(Data records)
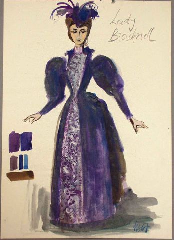 - Kvinna med mörkbrunt uppsatt hår är iklädd liten blålila hatt med fjädrar, hellång blålila klänning med fårbogsärmar, öppet sprund framtill som avslutas med en liten ståkrage vid halsen, i sprundet en höghalsad isättning i grålila mönster och som är fotsid. T v målade färgförslag.
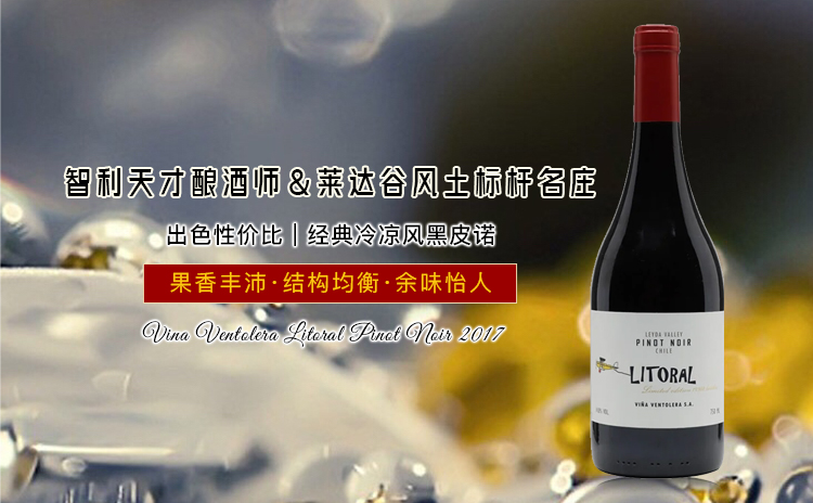 【全年份国均6.8折!智利塔尖酿酒师出品,勃艮第风黑皮诺!】Vina Ventolera Litoral Pinot Noir 2017
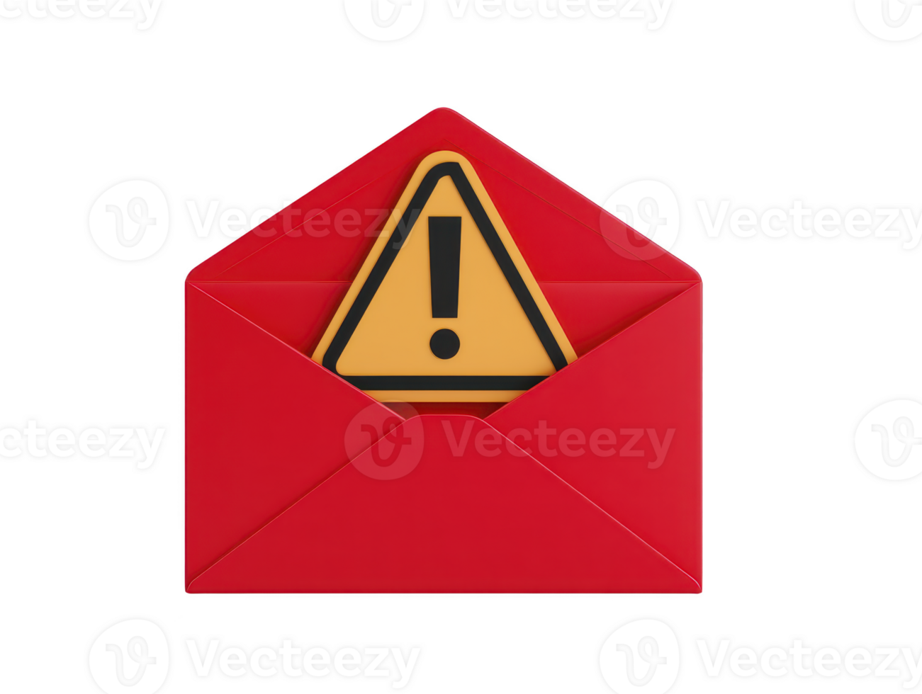 Red envelope with yellow warning sign featuring exclamation mark, symbolizing urgent message, alert, or caution notification, isolated on transparency background Pro PNG
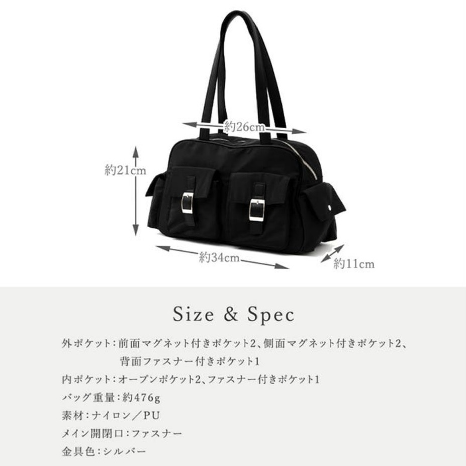 ●SIZE:高さ:約21cm / 幅:約約26cm(上辺)約34cm+サイドポケット約3cm×2(下辺)cm / マチ:約11cm
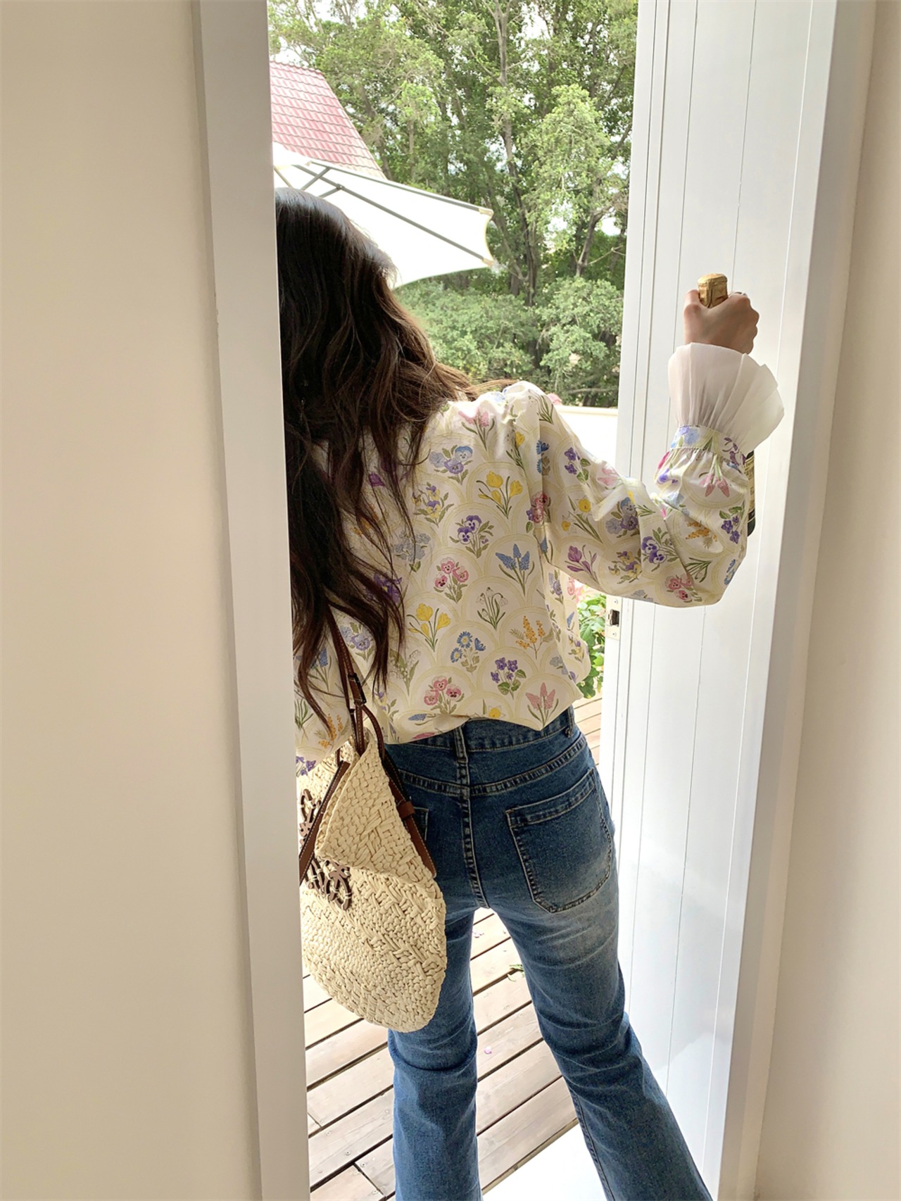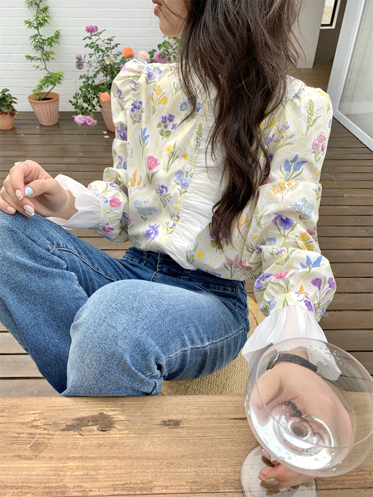 ボタニカルブラウス 花柄 シャツ フローラル フラワー フリル 長袖 秋 トップス レトロ 韓国ファッション
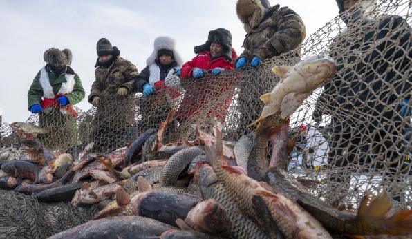 1月17日,2026兴凯湖冬捕节在中俄界湖兴凯湖畔启幕。人们在现场共同见证千米大网破冰而出,万鱼腾跃竞逐的震撼场景,感受传承千年的肃慎渔猎文化,体验北国边境冰雪文化独特魅力。
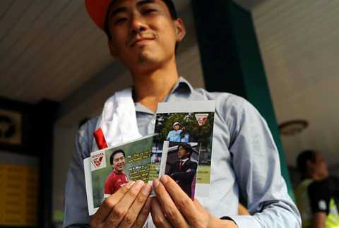 | Anh Yoshihiro Okui, người Nhật đang làm việc tại Bangkok, đến cổ vũ cho U23 Việt Nam (Ảnh: Zing.vn) |

▶ [Task details] From first line to last, return the records verbatim without their pictures.

▶ [Solution for this problem]
 - Kvinna med mörkbrunt uppsatt hår är iklädd liten blålila hatt med fjädrar, hellång blålila klänning med fårbogsärmar, öppet sprund framtill som avslutas med en liten ståkrage vid halsen, i sprundet en höghalsad isättning i grålila mönster och som är fotsid. T v målade färgförslag.
 【全年份国均6.8折!智利塔尖酿酒师出品,勃艮第风黑皮诺!】Vina Ventolera Litoral Pinot Noir 2017
 Red envelope with yellow warning sign featuring exclamation mark, symbolizing urgent message, alert, or caution notification, isolated on transparency background Pro PNG
 ●SIZE:高さ:約21cm / 幅:約約26cm(上辺)約34cm+サイドポケット約3cm×2(下辺)cm / マチ:約11cm
 ボタニカルブラウス 花柄 シャツ フローラル フラワー フリル 長袖 秋 トップス レトロ 韓国ファッション
 1月17日,2026兴凯湖冬捕节在中俄界湖兴凯湖畔启幕。人们在现场共同见证千米大网破冰而出,万鱼腾跃竞逐的震撼场景,感受传承千年的肃慎渔猎文化,体验北国边境冰雪文化独特魅力。
 | Anh Yoshihiro Okui, người Nhật đang làm việc tại Bangkok, đến cổ vũ cho U23 Việt Nam (Ảnh: Zing.vn) |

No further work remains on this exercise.